» **Task to carry out**
Every line of the listing below from the one with "4、在第三座山峰(1272,898),观" up to and including the one with "Simplicity 1031, 15" should be retyped exactly, and nothing else; pictures are not part of the copy.

» **Exercise data**
· · · · ·
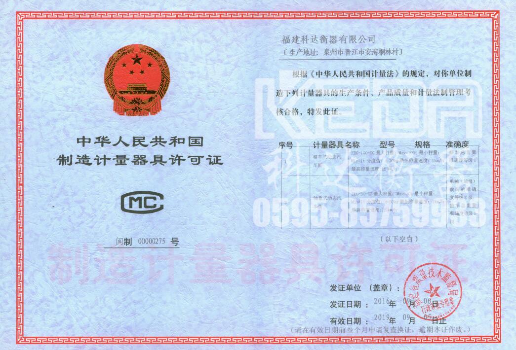 福建科達(dá)衡器獲得動(dòng)態(tài)汽車(chē)衡制造許可證
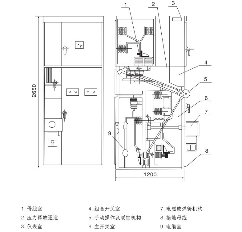 本開關柜為金屬封閉箱型結構,柜體骨架由角鋼焊接而成.柜內用鋼板分隔成斷路器室,母線室,電纜室,繼電器室,并可通過門面上的觀察窗和照明燈觀察柜內各主要元件的運行情況。為提高開關柜的技術性能,各主要元件進行了重新設計(如斷路器,旋轉式隔離開關等),根據(jù)柜體布置,繼電器室可安裝繼電器,門上可裝設信號繼電器、指示儀表、信號燈,轉換開關安裝于操作小室。后面為母線室,下面為電纜室,用戶可方便地進行接線,前面為斷路器室,方便了開關柜主開關的檢修,柜體內部機構參見圖1、圖2和產(chǎn)品說明書。
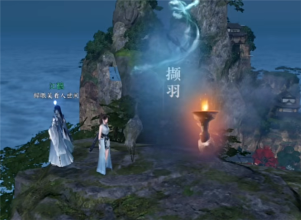 4、在第三座山峰(1272,898),观察仙鹤雕像触发“撷羽”,捡起仙鹤旁边的羽毛就可以完成任务。
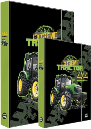Et praktisk sæt af hæftebokse i formaterne A4 og A5 med traktormotiv beskytter dine materialer mod krøl og snavs. Takket være det robuste laminat og elastiklukning er hæfter, papirer og skoleudstyr altid sikkert opbevaret.
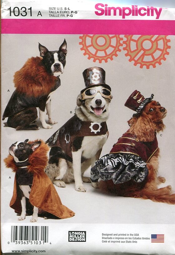 Simplicity 1031, 15 pattern pieces for dogs Small, Medium & Large. Three coats, two hats & a cape...every dog wants a cape. Fabric suggestions are all over the board, brocade, leather-like, satin suede wool, nylon. This is a great Cosplay costume for dogs designed by Longia Miller Design for Simplicity. I see no mention of the aviator glasses so I guess they were the dog's personal property.
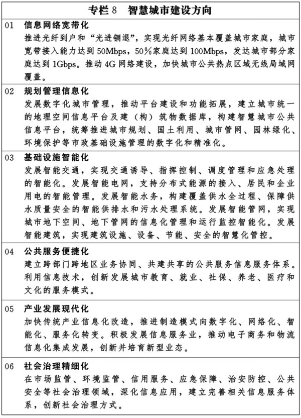 統(tǒng)籌城市發(fā)展的物質(zhì)資源、信息資源和智力資源利用,推動物聯(lián)網(wǎng)、云計算、大數(shù)據(jù)等新一代信息技術(shù)創(chuàng)新應用,實現(xiàn)與城市經(jīng)濟社會發(fā)展深度融合。強化信息網(wǎng)絡、數(shù)據(jù)中心等信息基礎設施建設。促進跨部門、跨行業(yè)、跨地區(qū)的政務信息共享和業(yè)務協(xié)同,強化信息資源社會化開發(fā)利用,推廣智慧化信息應用和新型信息服務,促進城市規(guī)劃管理信息化、基礎設施智能化、公共服務便捷化、產(chǎn)業(yè)發(fā)展現(xiàn)代化、社會治理精細化。增強城市要害信息系統(tǒng)和關(guān)鍵信息資源的安全保障能力。
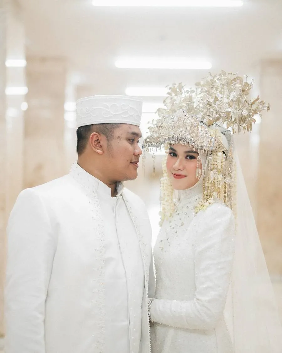 Sang mempelai pria juga mengenakan busana serba putih lengkap dengan songkok dan kalung roncean melati. Keduanya tampak serasi saat bersama.
· · · · ·
» **Answer area**
 4、在第三座山峰(1272,898),观察仙鹤雕像触发“撷羽”,捡起仙鹤旁边的羽毛就可以完成任务。
Et praktisk sæt af hæftebokse i formaterne A4 og A5 med traktormotiv beskytter dine materialer mod krøl og snavs. Takket være det robuste laminat og elastiklukning er hæfter, papirer og skoleudstyr altid sikkert opbevaret.
 Simplicity 1031, 15 pattern pieces for dogs Small, Medium & Large. Three coats, two hats & a cape...every dog wants a cape. Fabric suggestions are all over the board, brocade, leather-like, satin suede wool, nylon. This is a great Cosplay costume for dogs designed by Longia Miller Design for Simplicity. I see no mention of the aviator glasses so I guess they were the dog's personal property.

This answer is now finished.